Using ReaR as generic installer in the ReaR recovery system

Using ReaR as generic installer in the ReaR recovery system is in an experimental proof-of-concept and work-in-progress state.

Currently it works as proof-of-concept for SLES12-SP1 by using the rear20160121install RPM package from the openSUSE Build Service project "home:jsmeix" - but this is not yet in a state where it can be used under normal circumstances. One must be at least somewhat experienced in generic system installation with the plain SUSE installation system to use rear20160121install in its current state.

Using ReaR as generic installer in the plain SUSE installation system

Using ReaR as generic installer in the plain SUSE installation system is in an experimental proof-of-concept and work-in-progress state.
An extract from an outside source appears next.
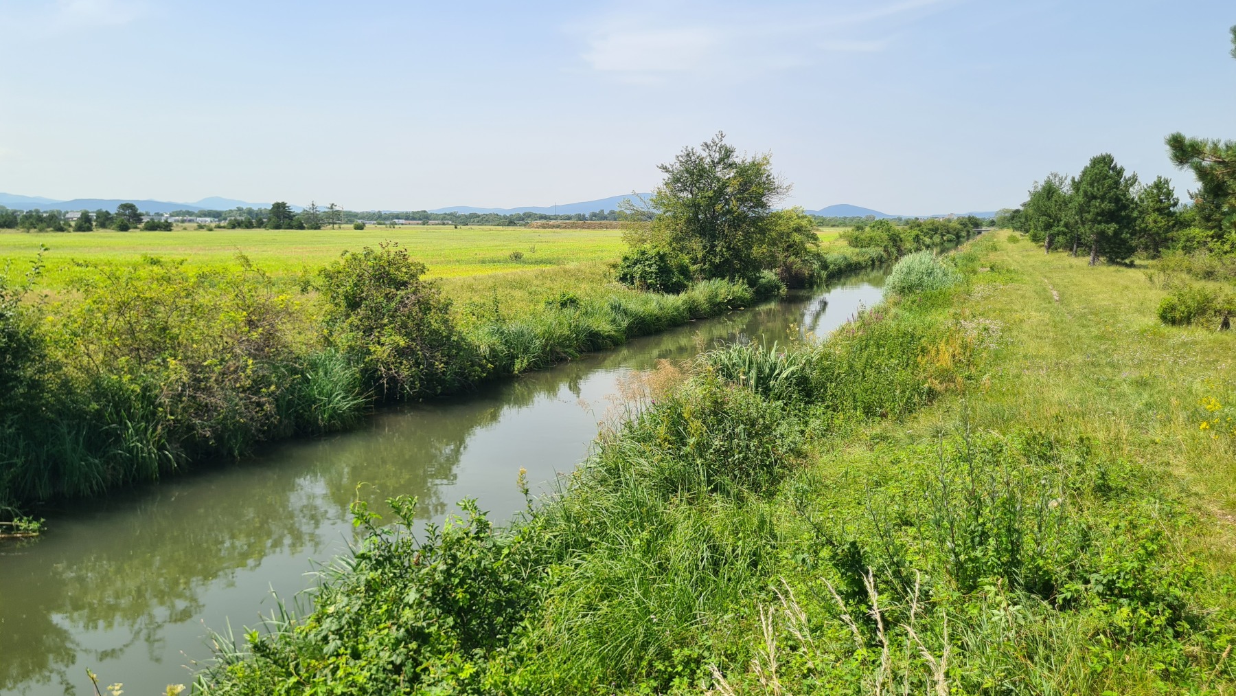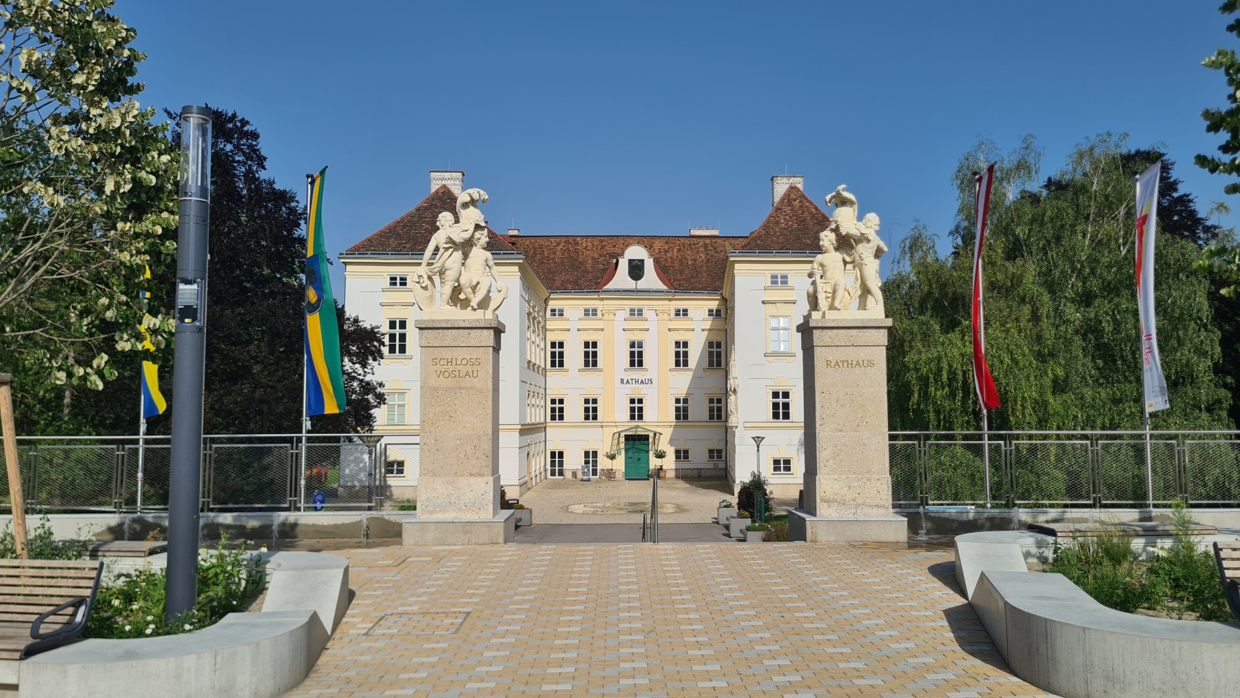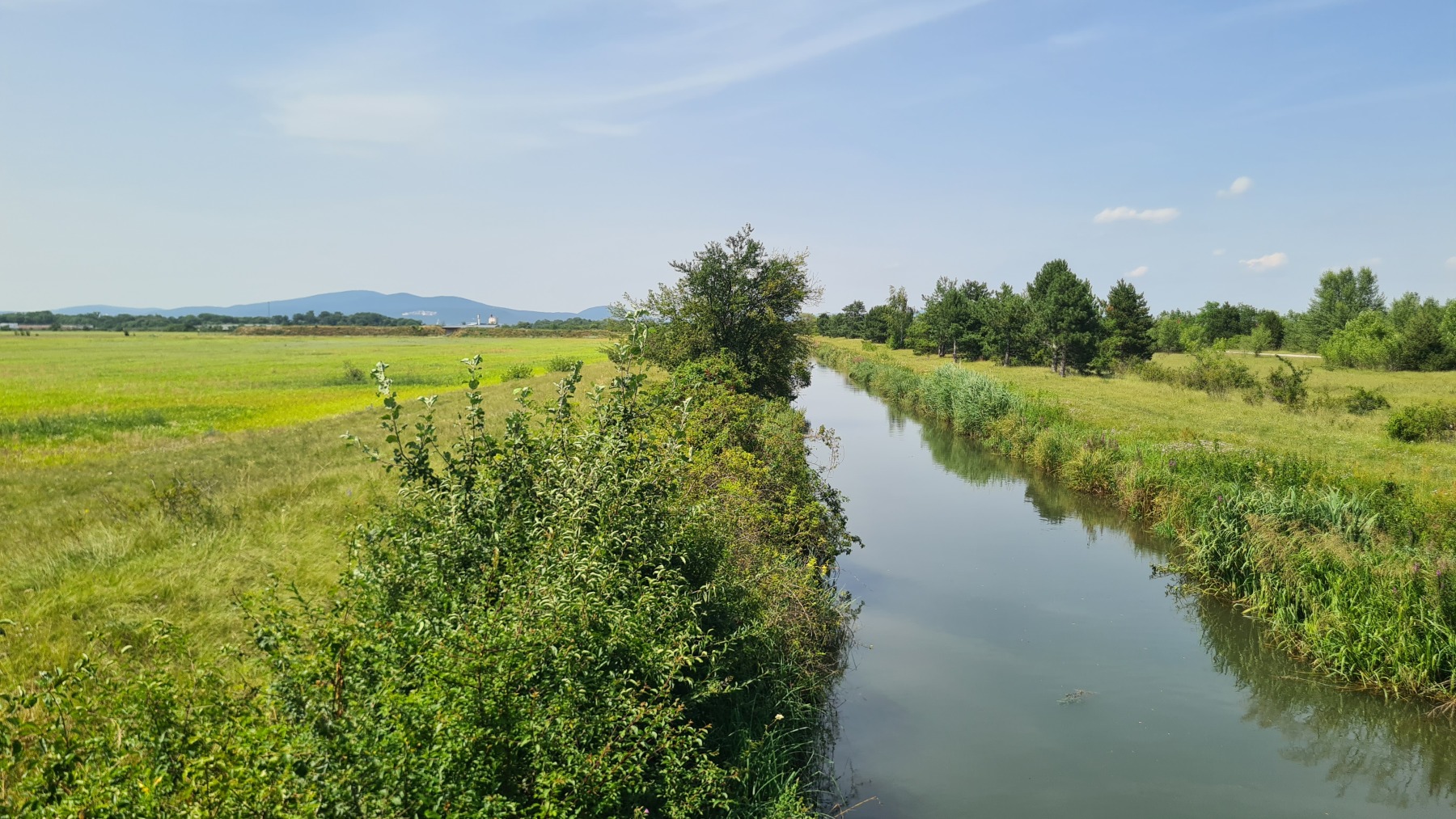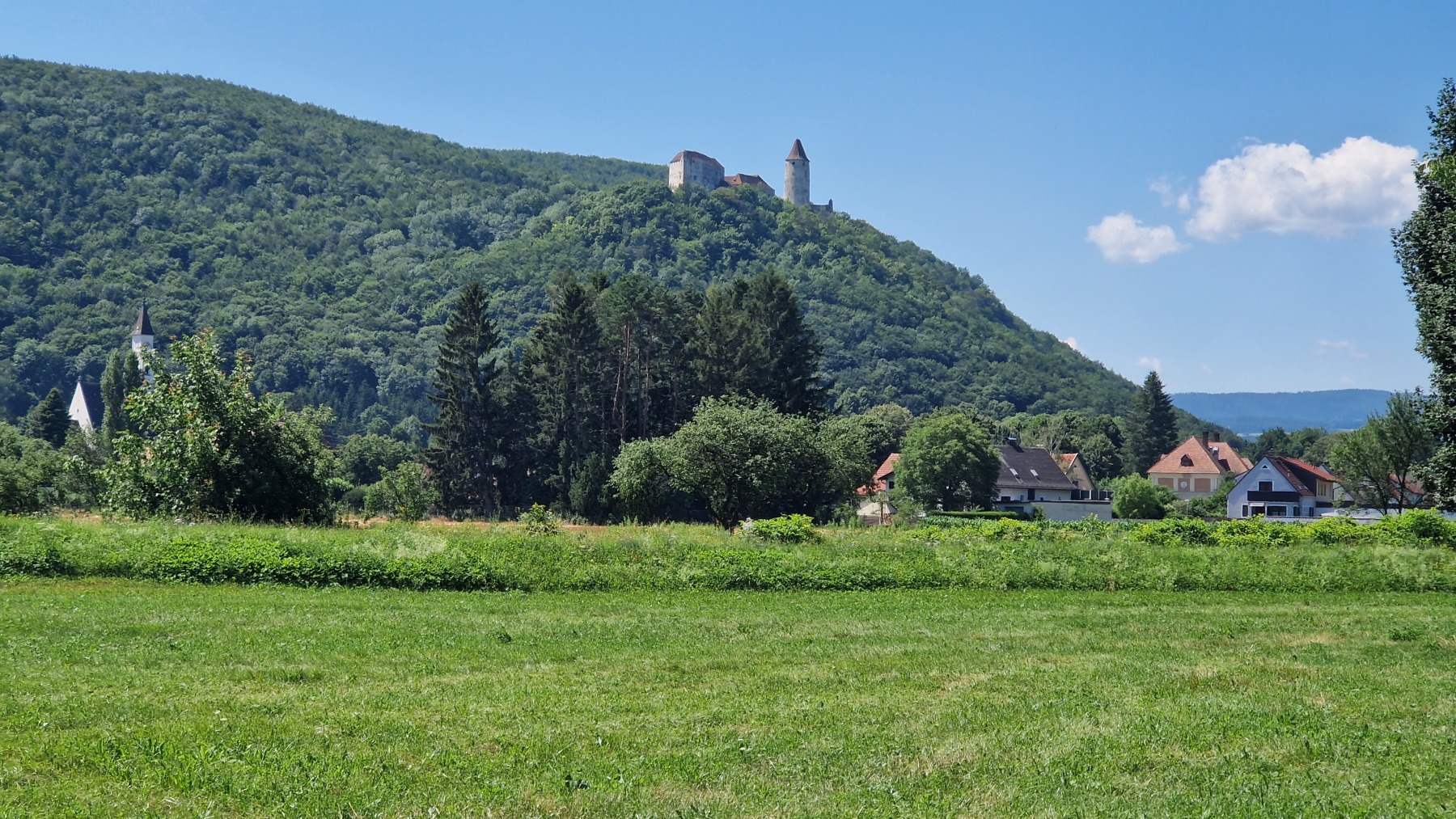 Après une courte descente/montée nous avons quitté les Alpes en descendant du Wechsel pour rejoindre la plaine qui va nous mener à Vienne. Nous avons quitté Eurovelo 9 (toujours aussi bien aménagée et balisée) pour aller déjeuner à Wiener Neustadt et nous avons pu constater que l’itinéraire pour aller en ville puis rejoindre Eurovelo 9 depuis la ville est balisé !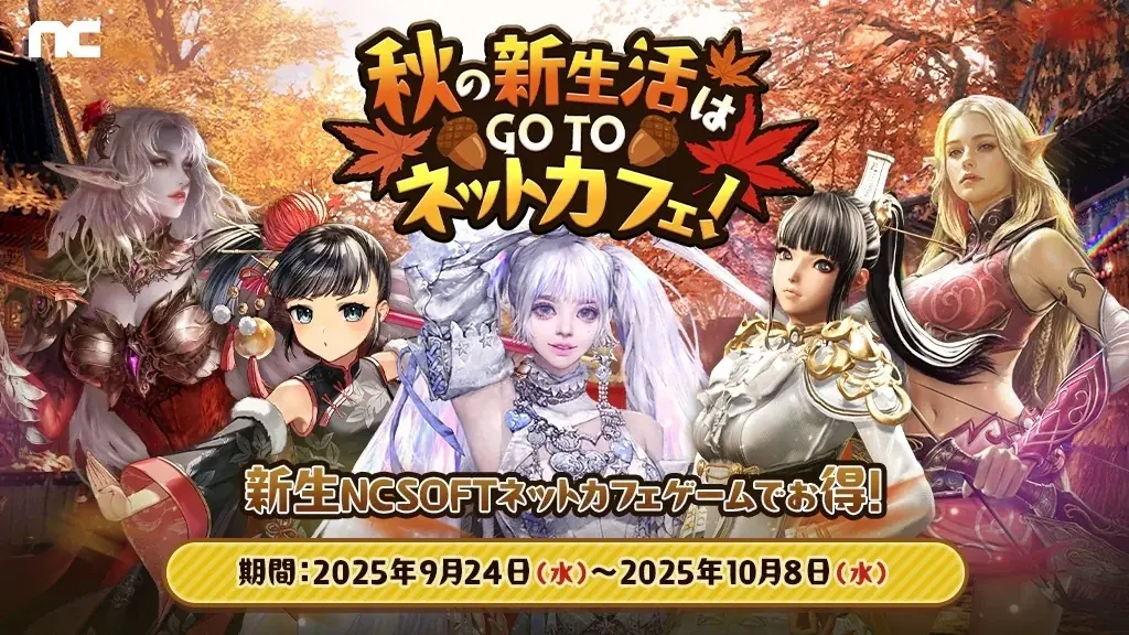 エヌ・シー・ジャパン株式会社は、PC向けオンラインゲームの指定タイトルを対象としたネットカフェキャンペーン「秋の新生活はGO TO ネットカフェ」を2025年9月24日から開催すると発表しました。プレスリリースは2025年9月24日 11時00分付で配信されています。

Currently it works as proof-of-concept for SLES12-SP1 by using the rear20160121install RPM package from the openSUSE Build Service project "home:jsmeix" - but this is not yet in a state where it can be used under normal circumstances. One must be at least somewhat experienced in generic system installation with the plain SUSE installation system to use rear20160121install in its current state.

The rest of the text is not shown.